Task brief: Your copy must hold all of the data below, unchanged and without images.

Information provided:
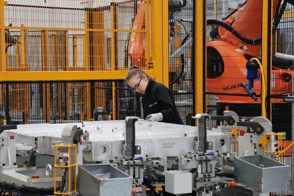 ?2月23日,在法國(guó)呂茨,中國(guó)敏實(shí)集團(tuán)與法國(guó)雷諾集團(tuán)成立的合資公司的員工在電池盒產(chǎn)線(xiàn)上工作。新華社記者張百慧攝
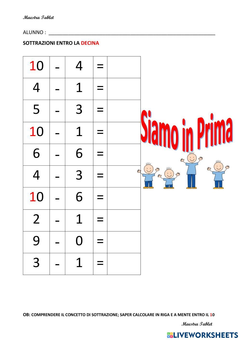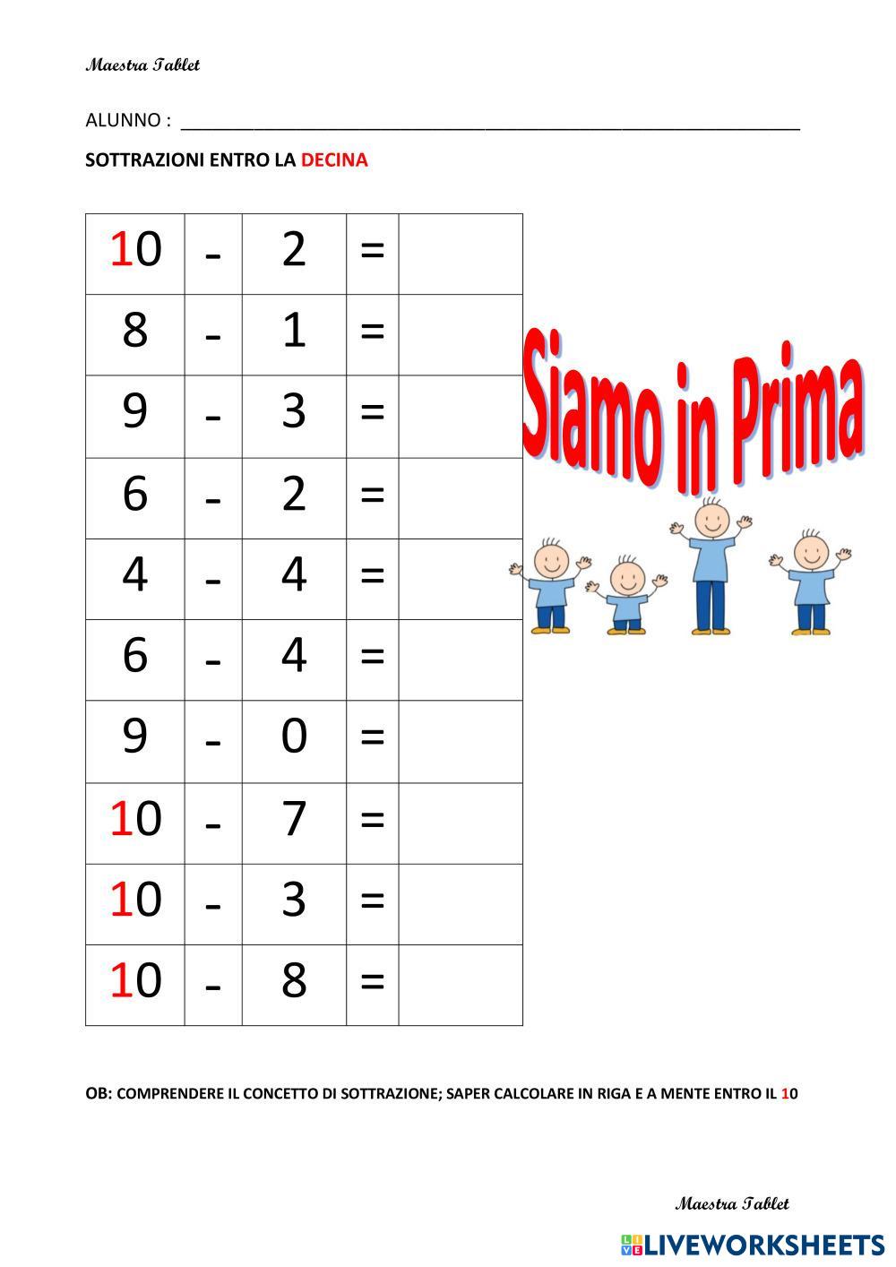 Created by MaestraTablet Math Elementary 1st grade Addition and Subtraction Italian Author's Instructions ESEGUI LE SOTTRAZIONI My Google Classroom Courses × 0 classes selected (0 students total) Quick Access Select all classes (0 classes) All Classes Loading courses... Cancel Share Share to selected Course __COURSE_NAME__ __STUDENT_NAME__ (__STUDENT_EMAIL__) SOTTRAZIONI ENTRO IL 10 Download Worksheet Validation Check my answers Emails my answers to my teacher Full name Group/level School subject Teacher's email or key code Close Submit Validating worksheet... (12) Your answers have been sent to your teacher. Good luck! OK We encountered an error submitting your answers. Please try again. OK Advertisement | Go Ad Free Created by MaestraTablet Math Elementary 1st grade Addition and Subtraction Italian Author's Instructions ESEGUI LE SOTTRAZIONI Explore Worksheets L2V2 Math 1st grade L2V2 Addition and Subtraction - Math do L1V2 Math 1st grade L1V2 Addition and Subtraction - Math do جمع العشرات Math 1st grade جمع العشرات Addition and Subtraction - Math اجمع Sumas y restas. Math 1st grade Sumas y restas. Addition and Subtraction - Math Realiza las operaciones.
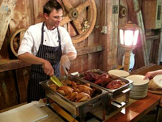 Das Buffet ließ keine Wünsche offen und reichte von verschiedenen Salaten, über Grillhähnchen und Spanferkel mit diversen Beilagen und Soßen bis hin zum Nachtisch, einem warmen Apfelstrudel mit Vanillesoße. Hier konnte nach Herzenslust geschlemmt werden.
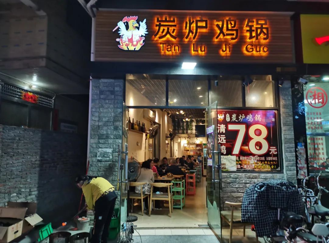 比如鸡煲店,这种一般得吃1个小时,位于中间位置的炭炉鸡煲标价78元,是整条巷子的冠军,拿下56个顾客

Answer to this task:
 ?2月23日,在法國(guó)呂茨,中國(guó)敏實(shí)集團(tuán)與法國(guó)雷諾集團(tuán)成立的合資公司的員工在電池盒產(chǎn)線(xiàn)上工作。新華社記者張百慧攝
 Created by MaestraTablet Math Elementary 1st grade Addition and Subtraction Italian Author's Instructions ESEGUI LE SOTTRAZIONI My Google Classroom Courses × 0 classes selected (0 students total) Quick Access Select all classes (0 classes) All Classes Loading courses... Cancel Share Share to selected Course __COURSE_NAME__ __STUDENT_NAME__ (__STUDENT_EMAIL__) SOTTRAZIONI ENTRO IL 10 Download Worksheet Validation Check my answers Emails my answers to my teacher Full name Group/level School subject Teacher's email or key code Close Submit Validating worksheet... (12) Your answers have been sent to your teacher. Good luck! OK We encountered an error submitting your answers. Please try again. OK Advertisement | Go Ad Free Created by MaestraTablet Math Elementary 1st grade Addition and Subtraction Italian Author's Instructions ESEGUI LE SOTTRAZIONI Explore Worksheets L2V2 Math 1st grade L2V2 Addition and Subtraction - Math do L1V2 Math 1st grade L1V2 Addition and Subtraction - Math do جمع العشرات Math 1st grade جمع العشرات Addition and Subtraction - Math اجمع Sumas y restas. Math 1st grade Sumas y restas. Addition and Subtraction - Math Realiza las operaciones.
 Das Buffet ließ keine Wünsche offen und reichte von verschiedenen Salaten, über Grillhähnchen und Spanferkel mit diversen Beilagen und Soßen bis hin zum Nachtisch, einem warmen Apfelstrudel mit Vanillesoße. Hier konnte nach Herzenslust geschlemmt werden.
 比如鸡煲店,这种一般得吃1个小时,位于中间位置的炭炉鸡煲标价78元,是整条巷子的冠军,拿下56个顾客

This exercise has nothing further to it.